Osmaniye’nin Toprakkale ilçesinde çekilen bu fotoğraf, geçmişin sıcaklığını ve samimiyetini günümüze taşıyan bir kare. Büyük şehirlerin hızlı temposu ve modern alışveriş merkezlerine inat, Osmaniye’de mahalle aralarında dolaşan at arabası ile satış yapan satıcılar, adeta bir zaman tünelinden çıkıp gelmiş gibiler.

Mahalle aralarında yankılanan at nalı sesleri, çocukluğumuzun hatıralarını canlandırıyor. Sabahın erken saatlerinde mahalleye giren at arabaları, sebze, meyve ve kumaş gibi ürünleri kapınıza kadar getiriyor. Bu anlar, kent sakinleri için yalnızca bir alışveriş değil, aynı zamanda bir nostalji anıdır.

Seyyar Manav At Arabası

At arabasıyla satış yapan bu satıcılar, çocukluktan beri bu işi yapıyorlar. Babalarından devraldıkları bu geleneği, kendi çocuklarına da öğretmek istiyorlar. "Babam da at arabasıyla satış yapardı. Ben de onun izinden gidiyorum," diyor gözleri dolarak. Bu işin zorluklarını anlatsalar da, at arabasının nostaljik havası ve mahalle halkıyla kurulan sıcak bağlar, onları her gün yeniden yollara düşürüyor.

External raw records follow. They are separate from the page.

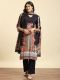 Navy Blue Color Kurta, Comfort Pant with Dupatta. Calf length floral print kurta has 3/4th sleeves, V-neck, both side slits, straight hemline. Solid pant has partially elasticated waistband with slip-on closure, one side pocket.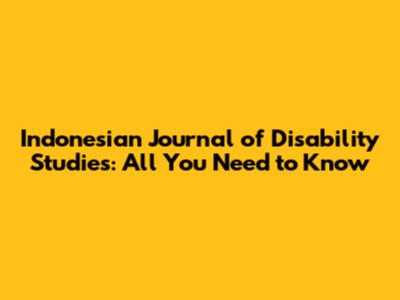 Indonesian Journal Of Disability Studies: All You Need To Know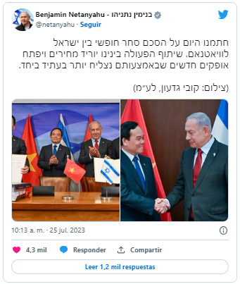 Por otro lado, Netanyahu y Quang sostuvieron una reunión en la que discutieron el fortalecimiento de la cooperación bilateral en innovación, agricultura y turismo, y evaluaron la posibilidad de vuelos directos entre Israel y Vietnam.

Son zamanlarda akaryakıt fiyatlarının artması, bu tür nostaljik yöntemlerin yeniden değer kazanmasına neden oldu. İnsanlar hem ekonomik hem de çevre dostu bu yönteme yöneliyor. At arabasıyla yapılan satışlar, büyük şehirlerde kaybolmuşken, küçük yerlerde hala canlılığını koruyor.

Osmaniye’nin dar sokaklarında yankılanan at nalı sesleri, yalnızca bir satış yöntemi değil, aynı zamanda kaybolmaya yüz tutmuş bir kültürün yeniden canlanışı. Bu sesler, büyük şehirlerde kaybolan samimiyeti ve komşuluk ilişkilerini hatırlatıyor bizlere. At arabası, sadece ürün değil, geçmişin sıcaklığını da taşıyor.